Ajai Sahni, a New Delhi security expert and director of the Institute for Conflict Management, said both countries are merely “playing to the U.S. gallery,” and compared the latest moves to a “fishing expedition -- heavy on expectation and poor in planning and preparation.”
“There is no groundwork, only a theatrical and heavily personalized reliance on dramatic gestures,” Sahni said.
In Pakistan as well, observers warned against inflated expectations.
“Suddenly, within the media and bureaucrats, there is an expectation-cum-suggestion that a 15-minute telephonic conversation between the two prime ministers has broken the ice,” foreign policy expert Nasim Zehra said in the Pakistani capital, Islamabad, on Saturday.
An editorial titled “A Step Forward, Maybe” in the daily newspaper Dawn was equally skeptical.
“Relations between Pakistan and India have a tendency to relapse into crises which no side wants but which seem to recur with almost predictable regularity,” it said.
Vajpayee’s call for negotiations is in keeping with his desire to be known as a man of peace.
“We should not remain a slave to the past, while not forgetting it either,” the prime minister told legislators. But his overture also reflected a recognition that political realities are changing on his subcontinent.
With economic growth falling far short of what is required to accommodate an exploding population, India is looking to improve its ties to the United States but knows those ties can strengthen only so much while its relations with Pakistan remain rocky. The U.S. currently and historically has had a better relationship with Islamabad.
Also spurring India to negotiate is that the regional government in Kashmir has turned less friendly to the central government as the former has slowly lost many of the special powers granted it after partition.

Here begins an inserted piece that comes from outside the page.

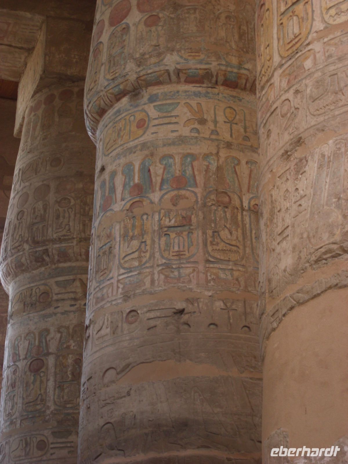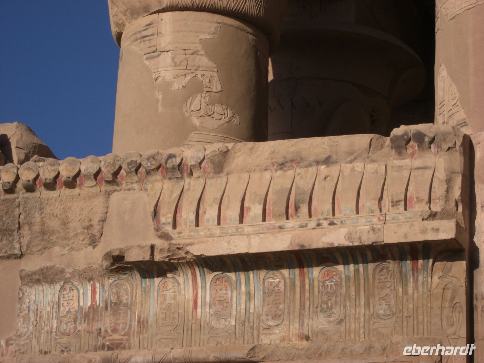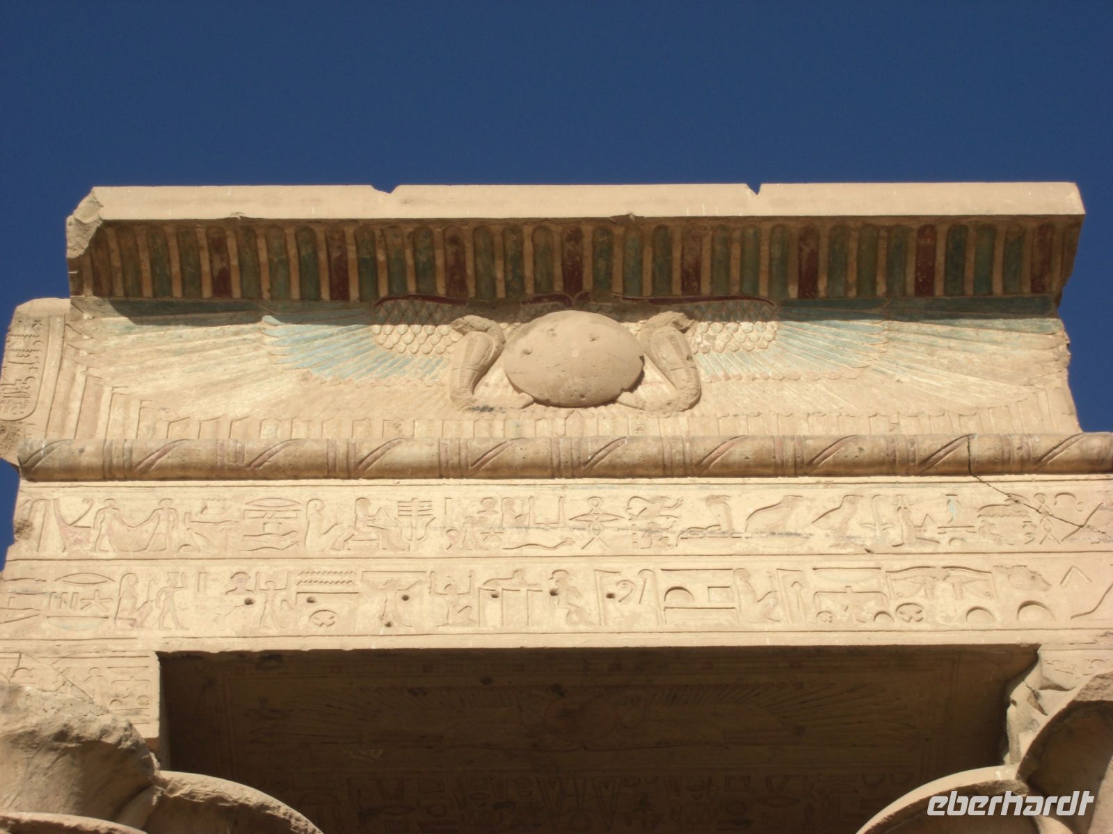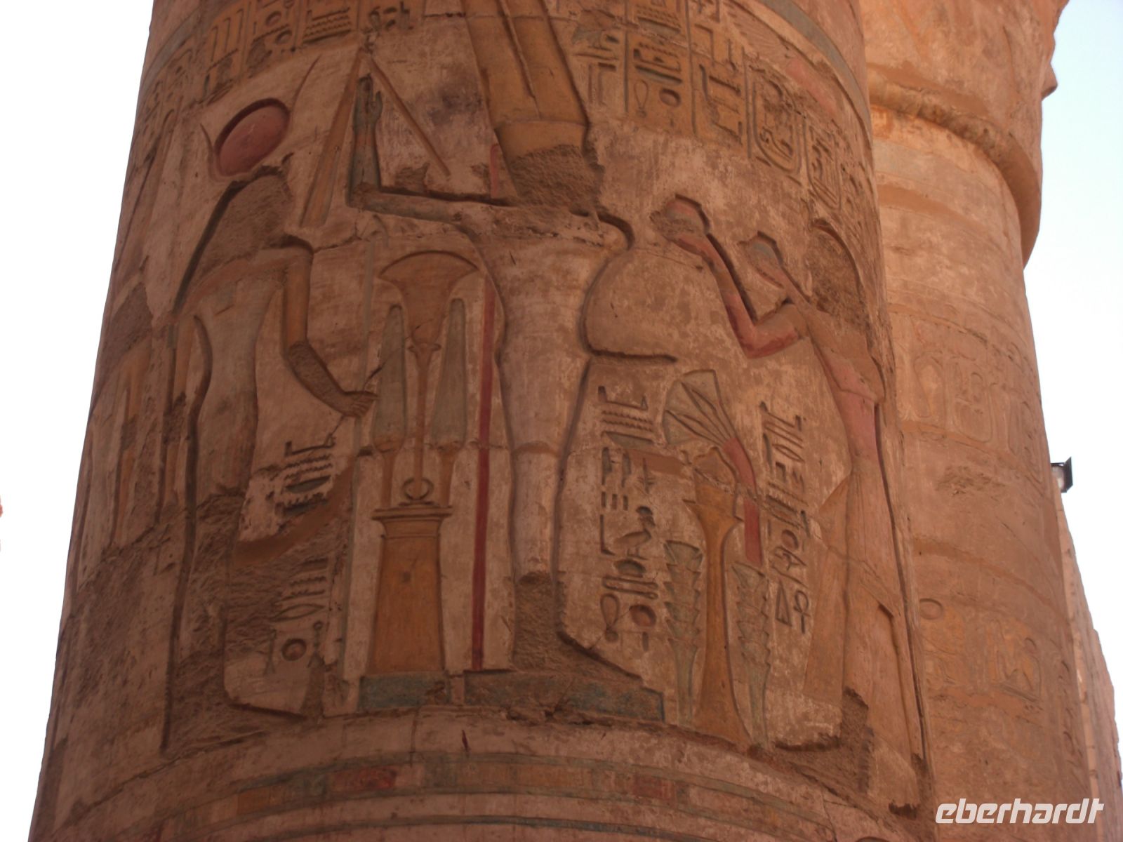 Reiseleiter Essam erklärt uns sehr eindrucksvoll die Wandreliefs. So haben die Griechen sich den Glauben der Götter zunutze gemacht, indem sie diese Reliefs erhielten und die Götter nicht ausradierten. Ein kluger Gedanke, der den Griechen 300 Jahre Herrschaft sicherte. Interessant, Essams Bezug zum Irak-Krieg.

Pakistan might be motivated to negotiate because it too is being bled dry by high military costs when it needs to invest in human capital and infrastructure.
A status for Kashmir that both parties might someday accept is one in which it has semi-sovereignty, Kux said.
If a rapprochement is reached, it could well turn out that cricket had something to do with it. Along with binational civil air, highway and train routes, the Indian government said, sporting relations with Pakistan might soon resume as well. That announcement was well received in cricket-crazy quarters in both countries.
The two countries have assiduously avoided playing each other at various regional and world tournaments since relations soured, much to the disappointment of die-hard fans in both nations.
Special correspondents Mubashir Zaidi in Islamabad and Shankadeep Choudhury in New Delhi contributed to this report.